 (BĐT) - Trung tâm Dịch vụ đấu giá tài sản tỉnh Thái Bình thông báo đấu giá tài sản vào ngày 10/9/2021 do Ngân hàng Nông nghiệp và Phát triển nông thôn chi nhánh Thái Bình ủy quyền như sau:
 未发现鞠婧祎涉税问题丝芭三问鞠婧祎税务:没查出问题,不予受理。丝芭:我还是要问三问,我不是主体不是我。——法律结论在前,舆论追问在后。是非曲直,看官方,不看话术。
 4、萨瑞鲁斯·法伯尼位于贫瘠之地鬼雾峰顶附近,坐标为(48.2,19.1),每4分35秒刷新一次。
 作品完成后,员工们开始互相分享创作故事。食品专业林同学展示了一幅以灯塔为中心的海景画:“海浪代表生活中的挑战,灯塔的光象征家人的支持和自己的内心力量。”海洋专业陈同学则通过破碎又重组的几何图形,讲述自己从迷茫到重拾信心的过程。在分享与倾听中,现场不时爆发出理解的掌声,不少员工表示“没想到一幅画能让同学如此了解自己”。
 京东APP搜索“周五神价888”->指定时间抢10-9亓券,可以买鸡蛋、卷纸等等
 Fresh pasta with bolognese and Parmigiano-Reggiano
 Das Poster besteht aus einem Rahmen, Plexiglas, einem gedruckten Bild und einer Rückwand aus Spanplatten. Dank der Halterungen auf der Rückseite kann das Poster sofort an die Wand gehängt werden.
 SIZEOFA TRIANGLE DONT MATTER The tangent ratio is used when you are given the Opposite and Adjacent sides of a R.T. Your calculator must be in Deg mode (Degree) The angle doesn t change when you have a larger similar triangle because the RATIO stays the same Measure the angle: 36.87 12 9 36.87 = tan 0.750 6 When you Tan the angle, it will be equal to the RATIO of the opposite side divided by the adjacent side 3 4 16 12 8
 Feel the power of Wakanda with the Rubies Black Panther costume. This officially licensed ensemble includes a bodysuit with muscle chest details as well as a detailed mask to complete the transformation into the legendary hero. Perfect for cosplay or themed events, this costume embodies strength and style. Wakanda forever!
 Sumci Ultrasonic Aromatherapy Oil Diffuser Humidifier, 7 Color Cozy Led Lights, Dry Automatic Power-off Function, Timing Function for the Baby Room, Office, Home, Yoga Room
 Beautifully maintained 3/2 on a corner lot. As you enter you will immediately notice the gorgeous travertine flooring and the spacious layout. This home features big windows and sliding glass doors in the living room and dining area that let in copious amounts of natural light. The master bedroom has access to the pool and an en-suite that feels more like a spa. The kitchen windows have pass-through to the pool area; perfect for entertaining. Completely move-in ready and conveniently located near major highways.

○ ○ ○ ○ ○ ○ ○

HOW TO COMPLETE THIS TASK.
Your answer should be the lines above, from the line containing "未发现鞠婧祎涉税问题丝芭三问" up to and including the line containing "Fresh pasta with", reproduced exactly and with nothing else.

REPLY.
 未发现鞠婧祎涉税问题丝芭三问鞠婧祎税务:没查出问题,不予受理。丝芭:我还是要问三问,我不是主体不是我。——法律结论在前,舆论追问在后。是非曲直,看官方,不看话术。
 4、萨瑞鲁斯·法伯尼位于贫瘠之地鬼雾峰顶附近,坐标为(48.2,19.1),每4分35秒刷新一次。
 作品完成后,员工们开始互相分享创作故事。食品专业林同学展示了一幅以灯塔为中心的海景画:“海浪代表生活中的挑战,灯塔的光象征家人的支持和自己的内心力量。”海洋专业陈同学则通过破碎又重组的几何图形,讲述自己从迷茫到重拾信心的过程。在分享与倾听中,现场不时爆发出理解的掌声,不少员工表示“没想到一幅画能让同学如此了解自己”。
 京东APP搜索“周五神价888”->指定时间抢10-9亓券,可以买鸡蛋、卷纸等等
 Fresh pasta with bolognese and Parmigiano-Reggiano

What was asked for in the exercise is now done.